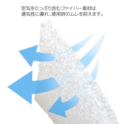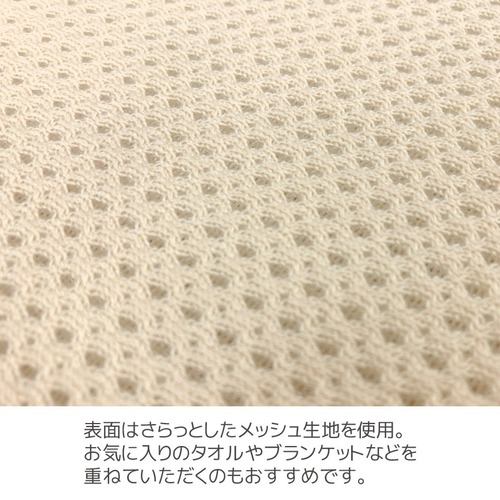 空気をたっぷり含むファイバー素材は通気性が良く、さらさらとしたメッシュ素材のカバー生地と合わせてムレを軽減。
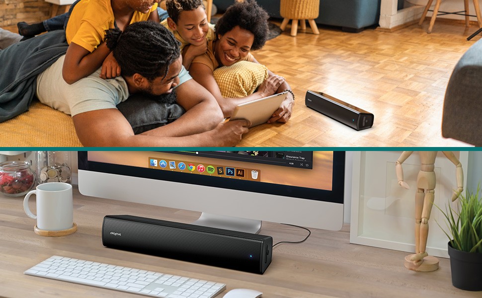 Creative Stage Air V2 is tuned to deliver powerful and clear audio with two improved custom-tuned full range drivers and an oversized radiator.
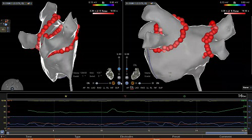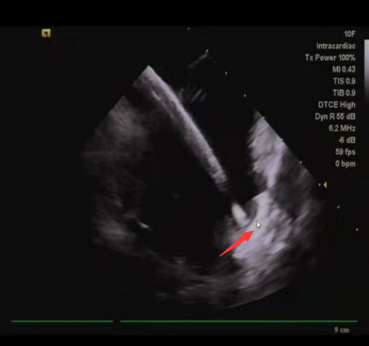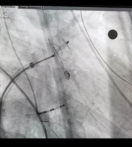 术中,张志辉教授带领罗文治主治医师及邓煦主治医师,首先对病人进行房颤的环肺静脉电隔离及左心房基质改良,随后应用心腔内超声,对患者的左心耳形态及直径大小进行了精确测量,结合X线下造影的影像,使用了ACP20mm的左心耳封堵器对患者左心耳进行封堵,封堵器到位顺利,一次性展开成形,再次应用腔内超声对展开后的封堵器进行测量,封堵器完美封堵左心耳开口,且对左心耳附近的结构没有影响,遂释放封堵器。整个手术过程患者均在清醒状态下,术中患者各项生命体征平稳。
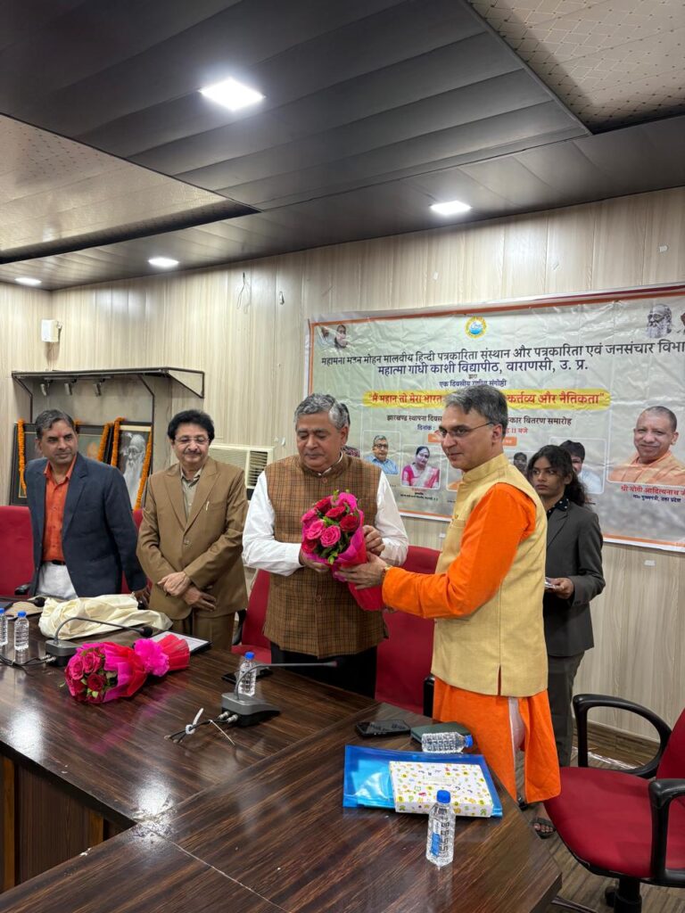 Civic Duty and Ethics : Mahatma Gandhi Kashi Vidyapith, Varanasi में आयोजित राष्ट्रीय संगोष्ठी में वरिष्ठ पत्रकार सुधीर शांतिलाल रावल और कुलपति प्रो. आनन्द कुमार त्यागी ने नागरिक कर्तव्य, नैतिकता और राष्ट्र प्रथम की भावना पर महत्वपूर्ण विचार रखे। समारोह में झारखण्ड स्थापना दिवस पर प्रतियोगिता विजेताओं को सम्मानित किया गया।

Problem to solve:
The required output is every line from the beginning of the material above through the line with "Creative Stage Air", exact and without pictures.

Solved problem:
 空気をたっぷり含むファイバー素材は通気性が良く、さらさらとしたメッシュ素材のカバー生地と合わせてムレを軽減。
 Creative Stage Air V2 is tuned to deliver powerful and clear audio with two improved custom-tuned full range drivers and an oversized radiator.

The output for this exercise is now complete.